Жизнь создает такие острые сюжеты с роковыми перипетиями, до которых не дано дойти умам великим.

– И когда у нас с Марией случился крайний разговор, я осознал, насколько она изменилась. Она уже не была той девушкой, которую я любил. Ранее Мария была добродушным человеком, не способным причинить зла другому. Я был уверен, что ее дружба с Анной, начавшаяся в больнице, искренняя, а обнаружилось, что она знала, что та моя супруга, оттого и, включив лицемерие, прониклась к ней в доверие, тем самым пытаясь проучить меня, что яко бы я не должен с кем-то быть, когда она замужем за Джейсоном. По ее мнению, я опоздал с предложением руки и сердца. Если бы я днем ранее это сделал, то она выбрала бы меня. Какой вздор! – Он издает хохот от противных чувств.

 

– Любила ли она вас вовсе? – неожиданно выбрасывается из меня с невольной бестактностью. – Вы не посчитайте, что я хочу обидеть вас как-то, принизить значение любви. Но… раз она обзавелась ненавистью к вашей семье, то какая здесь любовь? Я был бы воистину рад, если бы тот человек, которого я люблю, будет счастливым, пусть даже не со мной…

Он моментально приподнимает уголки губ и также моментально опускает.

– Ее обуяла ревность, Джексон. Трудно сказать о ее любви, ты прав. Сейчас во мне горит отвращение к ней. Эта женщина хотела, чтобы я, не осмелившись тогда сделать её своей, был в одиночестве всю жизнь. И она добилась своего. Я один. Я виновник всего, что случилось. Только я. Я был трусом.

Он почувствовал новый привкус его опустошенной жизни.

– Глупости! Неужели мама не видела своей вины?! Как она могла кинуться на шею другому мужчине, если, согласно вашим словам, любила вас? А папа? Как папа мог быть с ней, когда знал, что она ваша девушка? – рьяно сыплю его вопросами, одновременно пытаясь обстоятельно думать.

– Я слишком доверчив, Джексон.

«Как и я».

Мы, оказывается, похожи с ним. Чертовски.

С одной стороны, я ужасно зол на маму, за то, что она не раз влезала в чужие отношения, но с другой – вероятно, ей неведомо, как правильно поступать, да и, впрочем, как нужно жить?!
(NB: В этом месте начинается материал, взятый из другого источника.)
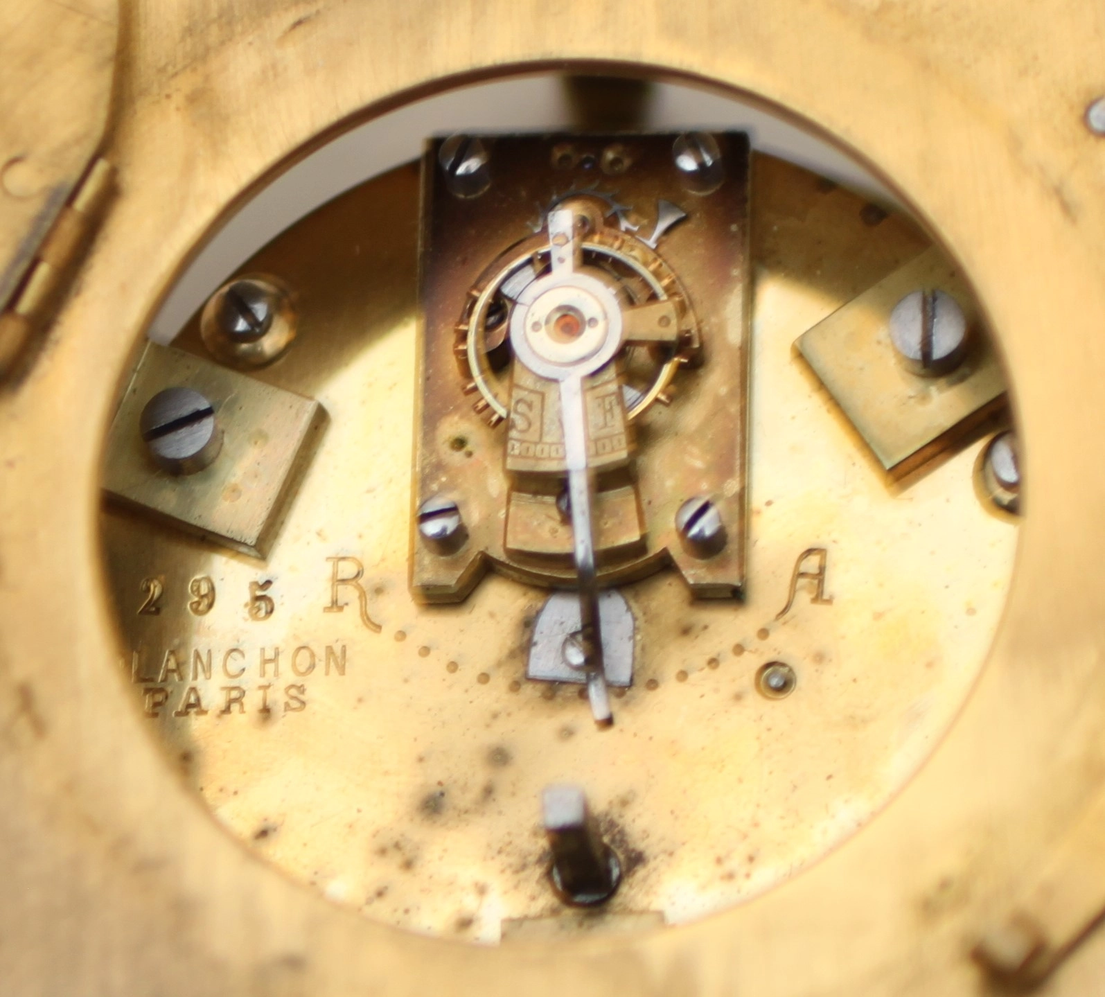 Een Franse verguld messing reisklok met porseleinen panelen, circa 1880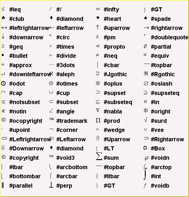 TLatex can make dozens of special mathematical symbols. A few of them, such as
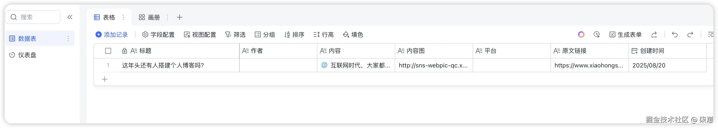 飞书多维表格用来储存coze工作流采集的文章内容。需要先创建表格,后续 Coze 工作流会将采集到的内容自动填入对应字段。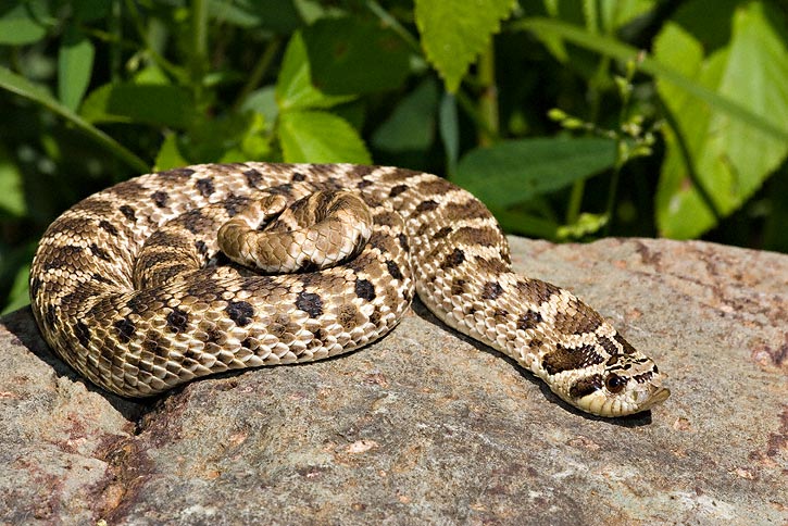 | The Western Hognose Snake (Heterodon nasicus) is a harmless colubrid snake found in much of the western United States as well as parts of western Canada and northern Mexico. The species is considered to be a mildly venomous, rear-fanged species but it poses no threat to man. The venom is used to secure its prey and the species has not been known to bite a human. The first two shots here were taken in Presidio Co., Texas, in September, 2006, with a Canon EOS 1D Mark II and EF 300mm F/4 L IS lens. This particular subspecies is sometimes called Mexican Hognose Snake or Kennerly's Hognose Snake (H. n. kennerlyi). | ![]() |

Он бессильно погружается глазами в свои трясущиеся руки, упавшие на колени. Биение былых времен не отпускает его.

– Мистер Ник, какое количество раз вы находились с моей мамой до… – сложно выразить это словами, – до случившег…

– Я понял вопрос, – останавливает он мои попытки сформулировать фразу. – Раз до твоего рождения, о котором я уже говорил, и два раза после. В момент ссоры с Миланой, мы вместе с Марией отъезжали за город… – а на лживых словах была командировка, – и в момент, когда нас увидела Милана… И это была ошибка, – со сгустком боли почти шепчет он. – Заблуждение. Угнетаемый мыслью, что дочь выросла и не нуждается во мне, я по глупости допустил быть с Марией, ища в ней любовь, в которой я нуждался. Тебе не понять, Джексон, каково это, когда твои дети взрослеют, покидают родное гнездышко, уходят во взрослую жизнь. Я тревожился все годы, что она быстро повзрослеет и покинет дом, влюбится, будет страдать… И пока я охранял ее от реального мира, она расцветала, как бутон, становилась женственной, прелестной девушкой. И ты уж прости меня, дурака, за тот случай, когда ты, играя на гитаре и исполняя песню, выразил ей свою любовь, а я повел себя, как последний отморозок.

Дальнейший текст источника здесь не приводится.